Your goal – Everything in the listing below has to be repeated exactly, except the pictures.

Source data –
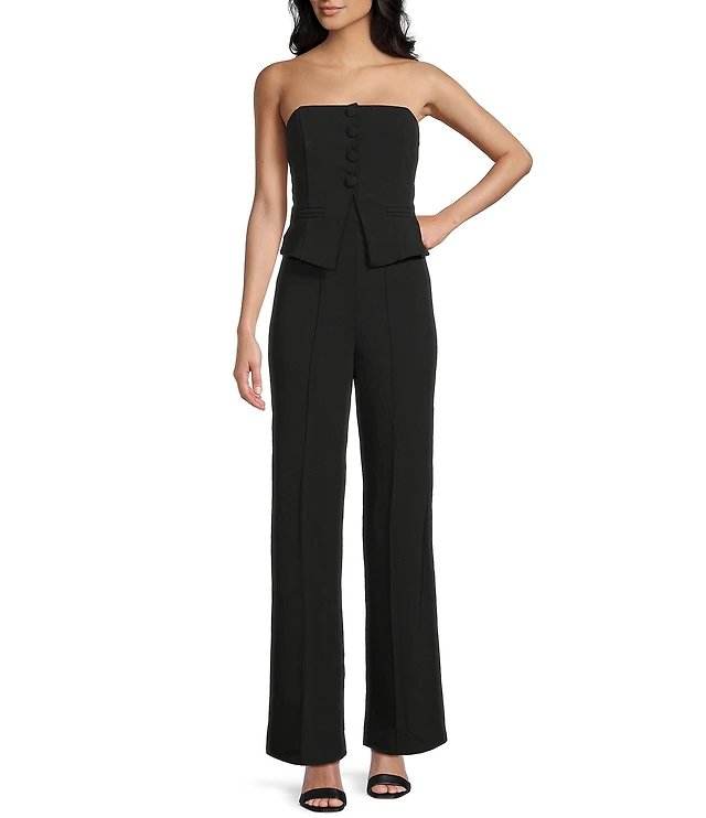 Honey and Rosie Scuba Crepe Strapless Vest Inspired Bodice Jumpsuit
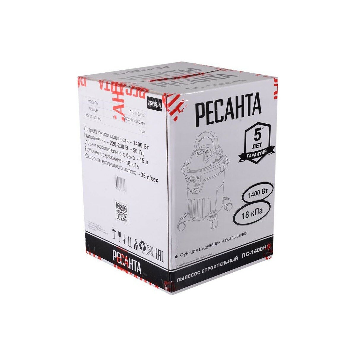 Купить Пылесос Ресанта ПС-1400, сухой и влажный, 15 л, 1400Вт
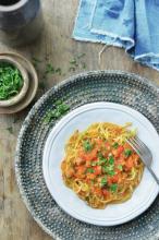 Web Een snelle courgetti met pesto op maandag en een uitgebreide courgetti met zeevruchten in het weekend.
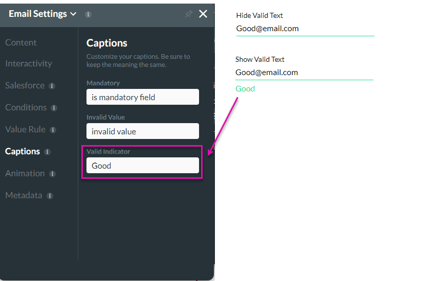 When the user types valid text in the field, the feedback text (for instance, Good) shows. When the Hide Valid Text option is enabled, the field will not show feedback text.
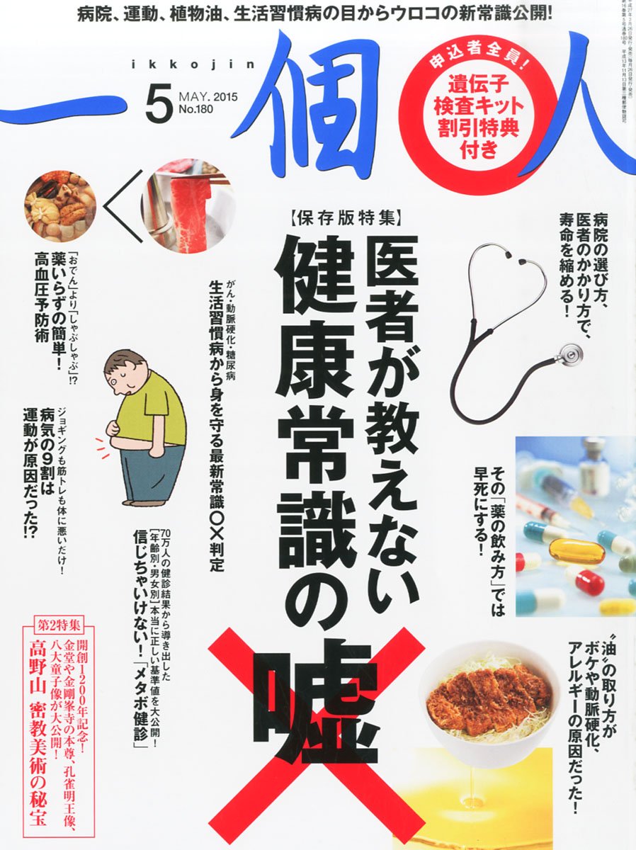 ○病院、医者選びの嘘 【病院のかかり方、医者の選び方で寿命が縮まる!】 ○薬の飲み方の嘘 【その「薬の飲み方」では早死にする!】 ○食生活の嘘 【こんな食生活をしていると病気になる!?】 【「血糖値を上げない食事の新常識 食べるならどっち!?】 ○生活習慣病の嘘 ○運動の嘘 ○高野山密教美術の秘宝 http://www.amazon.co.jp/dp/B00T3C6LKY あれこれ健康情報が飛び交っていて商業主義的なものがおおいと思います。 売れればいいなんて考えの人の健康の情報を取り入れるのは恐ろしいです。 しかしそのような情報が多くテレビの番組でも煽ったりしていますよね。 この本の内容はそういった意味ではそこそこ信用できると思いました。 きちんとしたエピデンスを取っているわけではないので印象だけですが。 |
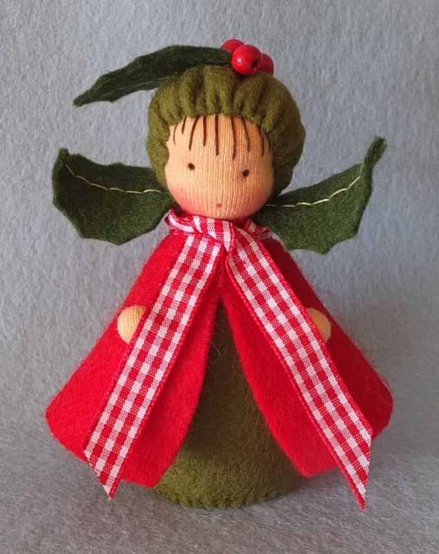 Een eenvoudig hulstvrouwtje met rode besjes op haar muts en een geruit strikje om.

Result below –
 Honey and Rosie Scuba Crepe Strapless Vest Inspired Bodice Jumpsuit
 Купить Пылесос Ресанта ПС-1400, сухой и влажный, 15 л, 1400Вт
 Web Een snelle courgetti met pesto op maandag en een uitgebreide courgetti met zeevruchten in het weekend.
 When the user types valid text in the field, the feedback text (for instance, Good) shows. When the Hide Valid Text option is enabled, the field will not show feedback text.
 ○病院、医者選びの嘘 【病院のかかり方、医者の選び方で寿命が縮まる!】 ○薬の飲み方の嘘 【その「薬の飲み方」では早死にする!】 ○食生活の嘘 【こんな食生活をしていると病気になる!?】 【「血糖値を上げない食事の新常識 食べるならどっち!?】 ○生活習慣病の嘘 ○運動の嘘 ○高野山密教美術の秘宝 http://www.amazon.co.jp/dp/B00T3C6LKY あれこれ健康情報が飛び交っていて商業主義的なものがおおいと思います。 売れればいいなんて考えの人の健康の情報を取り入れるのは恐ろしいです。 しかしそのような情報が多くテレビの番組でも煽ったりしていますよね。 この本の内容はそういった意味ではそこそこ信用できると思いました。 きちんとしたエピデンスを取っているわけではないので印象だけですが。 |
 Een eenvoudig hulstvrouwtje met rode besjes op haar muts en een geruit strikje om.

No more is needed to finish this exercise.